The last image, below, was done with a box pin hole and a tripod set up.
June 8, 2018
That’s a coelacanth, and some fruit. The barcodes got blown out, despite the shady day.
October 16, 2017
I was growing tired of wide-angle shots, so I constructed a third pinhole camera from a shoe box, cut to about one third of its length. Keeping the box lid intact at the end allowed me to easily construct a flip-up paper loader along the back of the camera box. It seems to be very effective at sealing the box, and I put in some tabs to hold the photo paper in place – no curved photo-plane this time. I improvised the usual tripod mount with scrap wood and a piece of hardware from Home Depot.
I cannibalized the aperture (0.3mm) from my wide-angle camera to use with this one, even though all the formulae indicate that a 0.45mm pinhole is optimal: I have new ones on order, but I couldn’t wait. Rushing again… With a focal length of 5-inches, the f-number is about 425.
My first attempt with the new box was a shot of the USS Ling taken from down near the water, a great shot of the rusting hulk of a submarine, but I noticed that the aperture didn’t seem to be properly fixed to the camera body. Sure enough, in the darkroom, I got an all black print. 😦 I had made a too big hole in the box so that when I taped the aperture holder over it, I didn’t quite close it. It was hard to tape on without bending the camera wall since the hole was almost the same size as the aperture holder. I fixed this by gluing a sheet of matting over the original hole, with a smaller hole punched in it, over which I taped the aperture holder. The thickness of the whole deal is so little that I don’t have to worry about vignetting the image.
After the repair, the camera worked great. Perhaps a little light leak showing in the upper part of the image, but that might just be the bright sky with tree shade.
And a nice gothic shot of our town hall shot with my 0.2mm camera.
October 13, 2017
Yesterday, I ventured into Manhattan to meet a friend for lunch down near where I used to work, and afterwords, we strolled over to the WTC Memorial, directly across from my old office. (Also from Century 21, where I bought a pair of Italian shoes. 🙂 ) I had been planning to take some pinhole shots, and the weather was good.

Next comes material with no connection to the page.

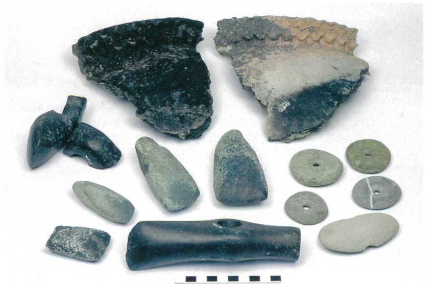
Abb. 3: Sutz-Lattrigen, Rütte. Eine Auswahl von Funden aus den Aufsammlungen der Tauchequipe während verschiedener Tauchgänge.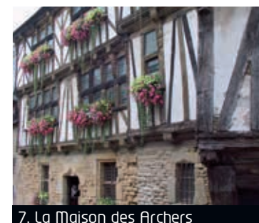
7. La Maison des Archers

I had my 5″x7″ photo paper camera loaded and ready, and I set up my tripod for what was to be a one-minute exposure. Oops, no tripods allowed, I was informed by two policemen. I can see how they would need to have that rule to prevent the area from being clogged with photographers at their stations. Nevertheless, when they saw the nature of my equipment – clearly, I was not a professional doing commercial work – they looked the other way for sixty seconds, and I got this shot.
Over near the Santiago Calatrava PATH terminal, I took another shot, this time with my 0.2mm, 0.9″ pinhole using 3″x 3″ paper. I crouched down and held the camera in my lap for a thirty second exposure. Not tripods there, either! I like the spooky, Expressionist feel to this image.